"A guy who said he was a Portuguese rapper started jamming with us. And we're like, 'Wait, man. We gotta practice. We can't do this.' But it was no use."
In fact, making eclectic music is old hat for Sharky and Ian: they've been noodling on 4-tracks since their days as high school classmates in Cincinnati, Ohio, where they played in punk rock bands and teethed themselves on Negativland, the Butthole Surfers, Jimi Hendrix, and anything that smacked of "weird production." When Sharky moved to San Francisco in 1990, he began using his 4-track and a cheap sampler to create magnetic tape loops culled from his extensive vinyl record collection. He launched Creeper Lagoon as a collaborative project with a rotating lineup of Bay Area musicians (the evocative name, by the way, was one Sharky used to describe a skid-row hotel where he worked graveyard shift).
After releasing several cassettes and a four-song 7-inch single called Creeper Lagoon V. the Dead C, the band's shifting lineup began to solidify two years ago when Ian arrived from Cincinnati, guitar in tow, and settled into a burned out Haight Street squat. "It was missing the back wall, and there was dirt and ash everywhere," he laughs. "I guess I was looking for that whole Charles Bukowski thing." Bassist Geoffrey Chisholm joined in January,1997 after answering a newspaper ad seeking musicians into Guided By Voices, the Fall, Hank Williams, My Dad is Dead, and sampling. "It was the samples part that got me," he says. David Kostiner arrived a year later and used his background as a classically trained jazz drummer to help broaden Creeper's already expansive sonic palette.

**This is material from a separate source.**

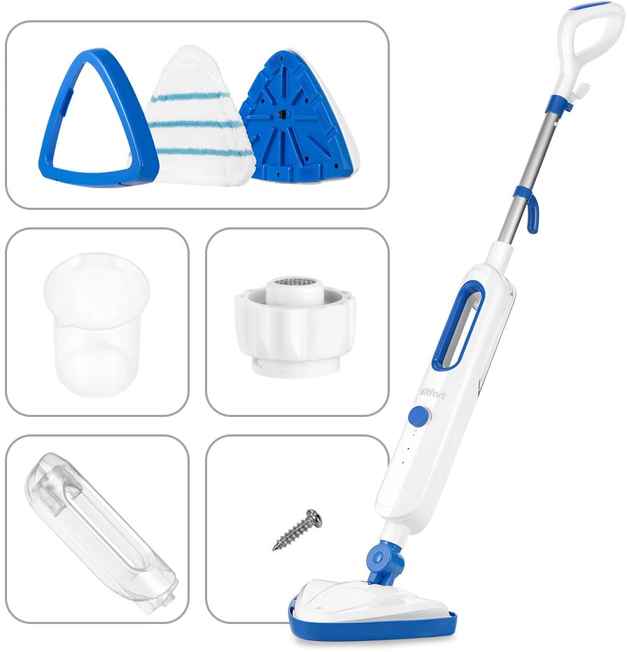 Швабра паровая Kitfort КТ-1048-3 1300Вт белый/синий

In 1997, Creeper's eponymous EP on indie rap label Dogday Records won critical accolades and radio play, and remained on CMJ's Top 200 for five weeks. For their first full-length they teamed up with Ideal Records, the label run by production pioneers -- and longtime Creeper fans -- the Dust Brothers, who also share production credits on a few of the songs on I Become Small and Go.